What is being asked> Starting with the line below that holds "Figura 9 - Seleção de queijos nacionais" and stopping after the line that holds "Fort net voor Lorca.", transcribe the lines exactly, leaving out all pictures.

Supplied records>
+++

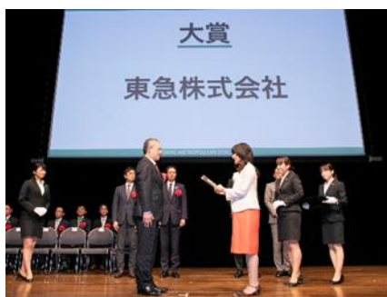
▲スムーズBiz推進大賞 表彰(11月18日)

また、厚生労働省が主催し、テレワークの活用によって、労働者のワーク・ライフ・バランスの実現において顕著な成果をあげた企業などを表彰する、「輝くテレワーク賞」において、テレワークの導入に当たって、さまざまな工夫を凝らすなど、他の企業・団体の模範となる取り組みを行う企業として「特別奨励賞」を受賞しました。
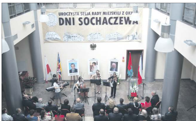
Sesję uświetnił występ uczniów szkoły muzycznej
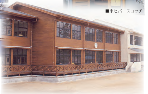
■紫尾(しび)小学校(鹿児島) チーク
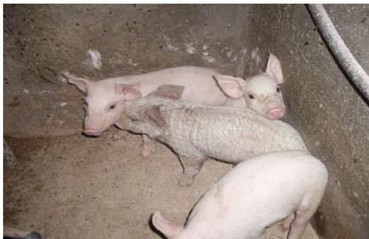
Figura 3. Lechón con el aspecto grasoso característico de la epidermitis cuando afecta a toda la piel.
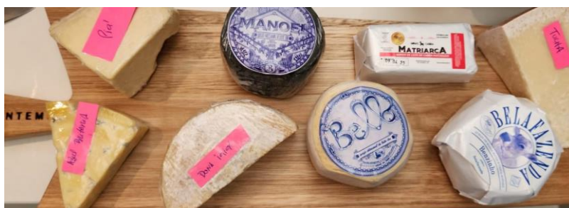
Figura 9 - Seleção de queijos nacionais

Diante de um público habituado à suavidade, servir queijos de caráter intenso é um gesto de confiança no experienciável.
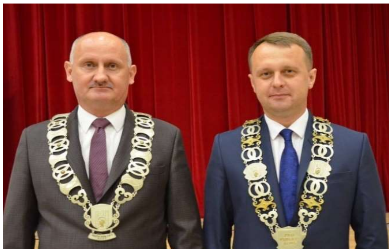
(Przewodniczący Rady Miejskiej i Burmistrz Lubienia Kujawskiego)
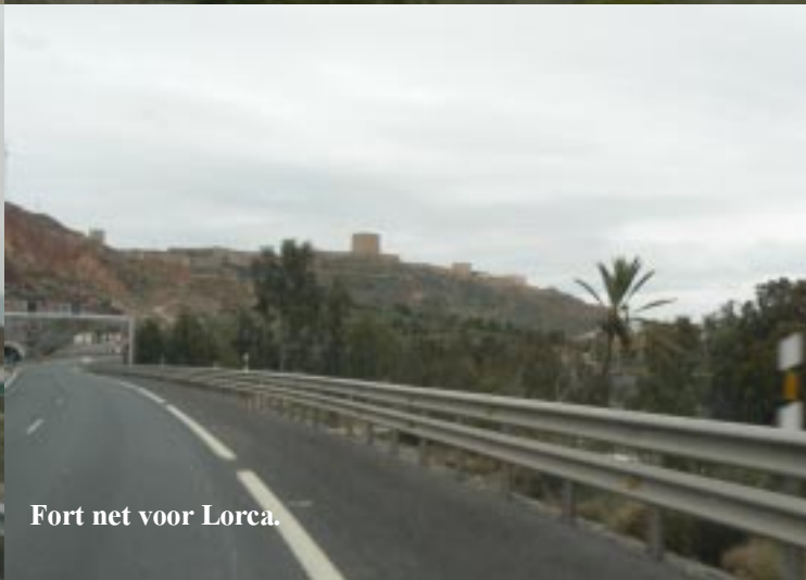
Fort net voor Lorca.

+++

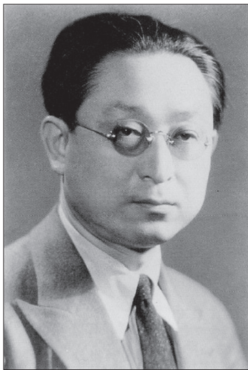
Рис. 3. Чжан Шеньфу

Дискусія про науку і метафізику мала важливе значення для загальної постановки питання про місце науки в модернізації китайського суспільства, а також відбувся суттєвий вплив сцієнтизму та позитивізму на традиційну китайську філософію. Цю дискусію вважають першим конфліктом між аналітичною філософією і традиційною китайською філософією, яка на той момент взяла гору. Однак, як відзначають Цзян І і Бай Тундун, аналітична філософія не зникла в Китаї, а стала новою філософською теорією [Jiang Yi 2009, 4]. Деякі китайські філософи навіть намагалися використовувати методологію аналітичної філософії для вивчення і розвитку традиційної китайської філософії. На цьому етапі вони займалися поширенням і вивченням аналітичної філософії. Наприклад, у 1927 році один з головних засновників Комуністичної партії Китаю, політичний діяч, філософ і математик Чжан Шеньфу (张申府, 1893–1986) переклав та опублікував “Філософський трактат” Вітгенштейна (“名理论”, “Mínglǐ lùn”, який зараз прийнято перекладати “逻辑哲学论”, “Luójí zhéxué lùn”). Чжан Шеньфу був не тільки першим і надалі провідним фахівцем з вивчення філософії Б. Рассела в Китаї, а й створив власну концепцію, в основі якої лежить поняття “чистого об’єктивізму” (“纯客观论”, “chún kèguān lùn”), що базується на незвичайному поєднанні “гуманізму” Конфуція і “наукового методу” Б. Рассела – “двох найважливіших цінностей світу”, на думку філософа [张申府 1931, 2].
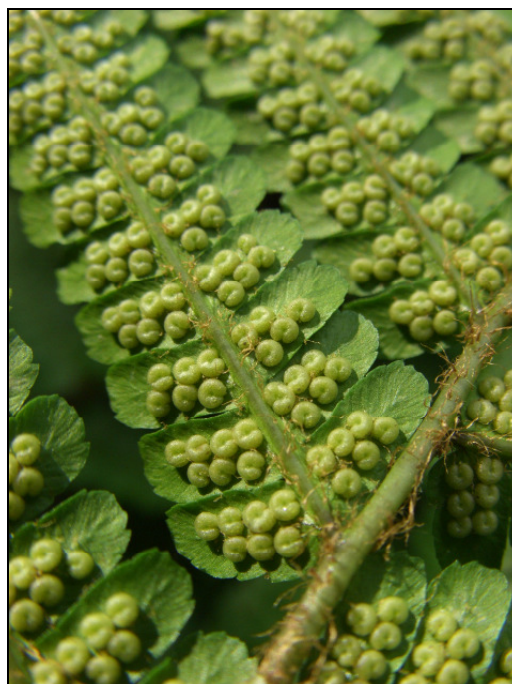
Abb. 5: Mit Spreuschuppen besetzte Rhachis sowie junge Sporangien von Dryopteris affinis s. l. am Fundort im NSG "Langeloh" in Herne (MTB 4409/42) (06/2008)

+++

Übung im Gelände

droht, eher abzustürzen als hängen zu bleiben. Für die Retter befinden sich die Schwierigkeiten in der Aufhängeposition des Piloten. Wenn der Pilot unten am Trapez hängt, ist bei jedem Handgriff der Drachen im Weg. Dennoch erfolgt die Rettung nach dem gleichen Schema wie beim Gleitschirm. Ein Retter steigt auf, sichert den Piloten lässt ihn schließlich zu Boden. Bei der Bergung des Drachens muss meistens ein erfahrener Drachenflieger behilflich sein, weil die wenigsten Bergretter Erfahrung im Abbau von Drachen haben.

+++

Answer to this task>
Figura 9 - Seleção de queijos nacionais

Diante de um público habituado à suavidade, servir queijos de caráter intenso é um gesto de confiança no experienciável.
(Przewodniczący Rady Miejskiej i Burmistrz Lubienia Kujawskiego)
Fort net voor Lorca.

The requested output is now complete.